=== Section Start ===
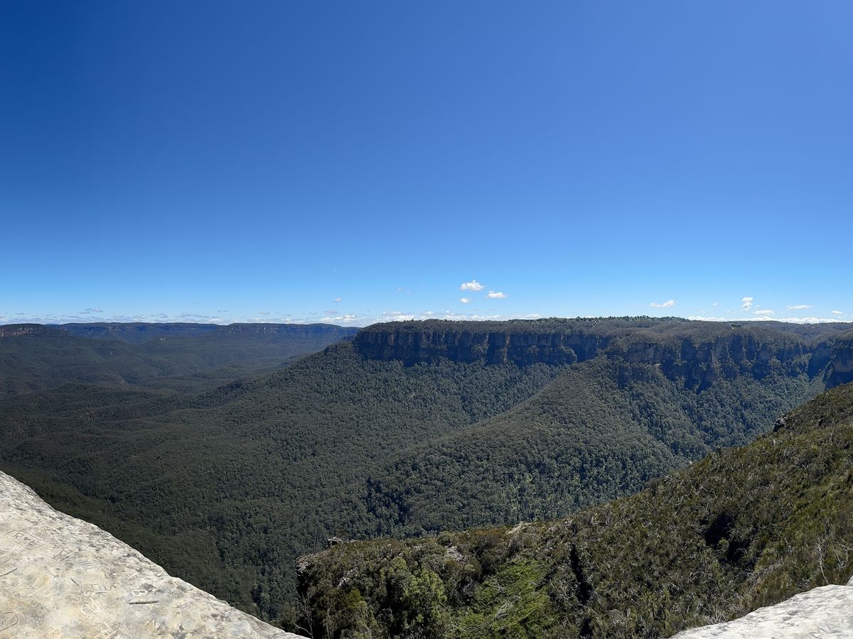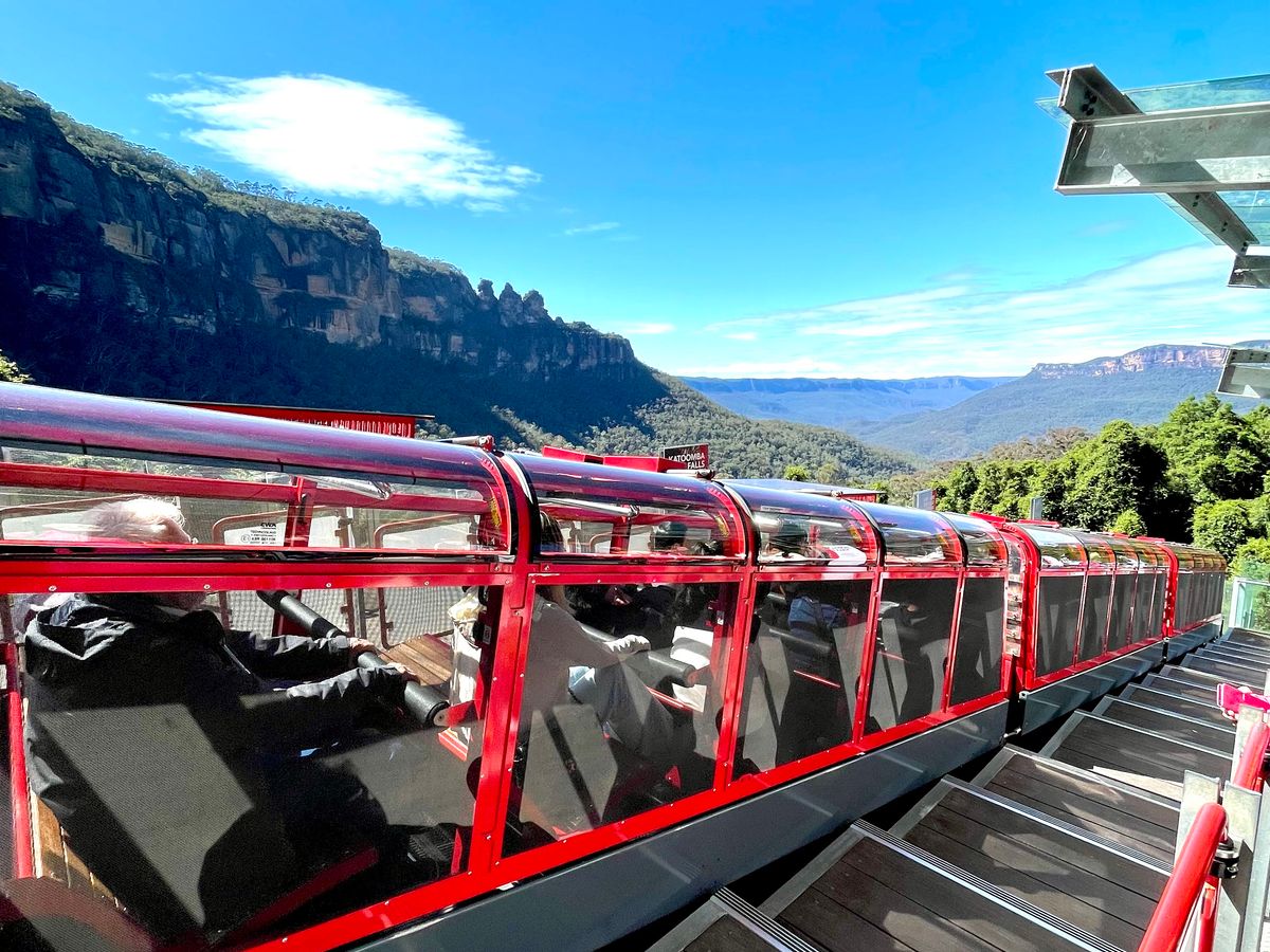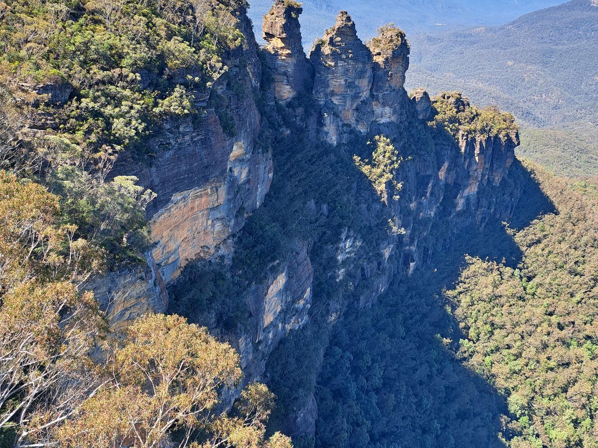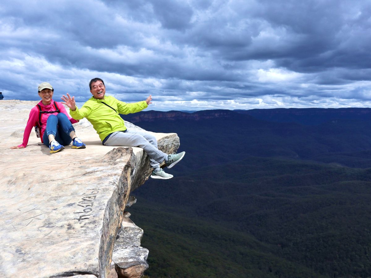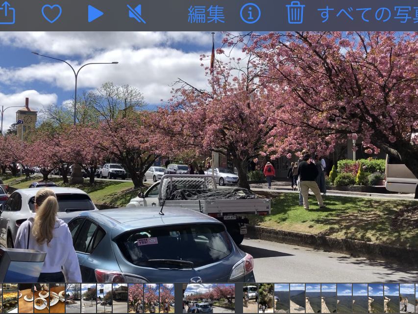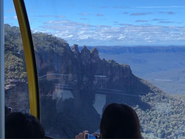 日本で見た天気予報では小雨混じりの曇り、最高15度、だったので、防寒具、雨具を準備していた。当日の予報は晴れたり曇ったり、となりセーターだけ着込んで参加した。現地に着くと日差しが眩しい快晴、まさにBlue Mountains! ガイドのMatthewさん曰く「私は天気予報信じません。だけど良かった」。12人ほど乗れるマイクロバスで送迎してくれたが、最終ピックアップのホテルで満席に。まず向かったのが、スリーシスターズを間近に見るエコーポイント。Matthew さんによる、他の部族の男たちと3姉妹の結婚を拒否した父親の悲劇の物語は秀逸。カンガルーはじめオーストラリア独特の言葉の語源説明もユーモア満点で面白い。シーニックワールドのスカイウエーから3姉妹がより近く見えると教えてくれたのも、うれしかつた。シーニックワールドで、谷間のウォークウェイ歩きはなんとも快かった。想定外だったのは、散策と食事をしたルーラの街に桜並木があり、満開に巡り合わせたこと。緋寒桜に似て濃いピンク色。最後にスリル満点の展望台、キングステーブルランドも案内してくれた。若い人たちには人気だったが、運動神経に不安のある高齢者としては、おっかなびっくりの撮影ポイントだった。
=== Section End ===
=== Section Start ===
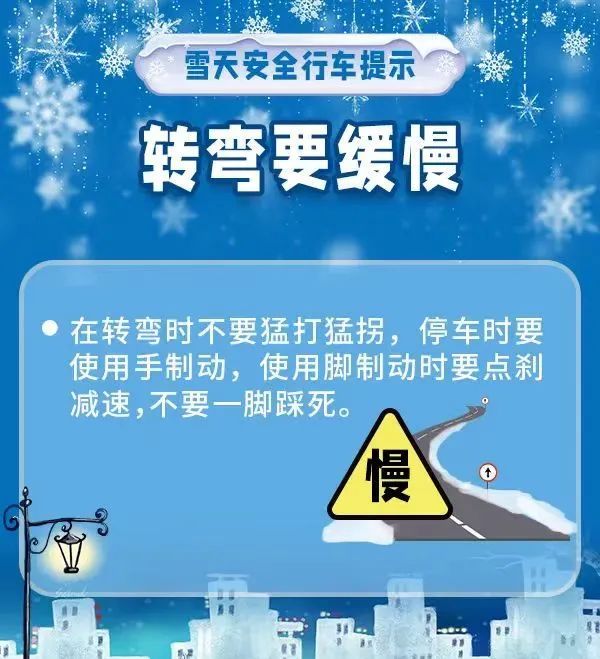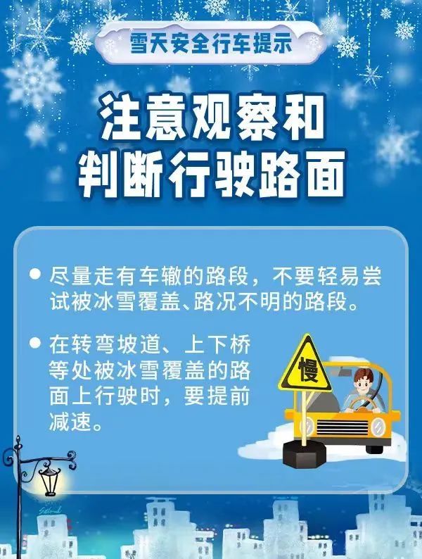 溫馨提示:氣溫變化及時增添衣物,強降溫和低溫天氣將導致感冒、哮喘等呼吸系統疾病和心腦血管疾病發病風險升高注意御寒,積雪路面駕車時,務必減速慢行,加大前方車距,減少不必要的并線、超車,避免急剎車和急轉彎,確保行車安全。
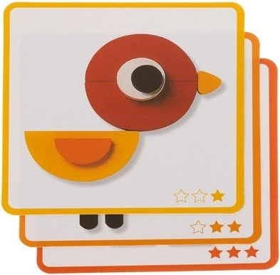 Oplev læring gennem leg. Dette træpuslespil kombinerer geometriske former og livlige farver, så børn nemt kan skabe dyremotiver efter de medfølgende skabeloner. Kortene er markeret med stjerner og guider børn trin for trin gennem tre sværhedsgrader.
=== Section End ===
■ **TRY IT**:
Beginning with the line holding "溫馨提示:氣溫變化及時增添衣" in the material above, restate word for word each line through the line holding "Oplev læring gennem", and exclude pictures.

■ **FINISHED TASK**:
 溫馨提示:氣溫變化及時增添衣物,強降溫和低溫天氣將導致感冒、哮喘等呼吸系統疾病和心腦血管疾病發病風險升高注意御寒,積雪路面駕車時,務必減速慢行,加大前方車距,減少不必要的并線、超車,避免急剎車和急轉彎,確保行車安全。
 Oplev læring gennem leg. Dette træpuslespil kombinerer geometriske former og livlige farver, så børn nemt kan skabe dyremotiver efter de medfølgende skabeloner. Kortene er markeret med stjerner og guider børn trin for trin gennem tre sværhedsgrader.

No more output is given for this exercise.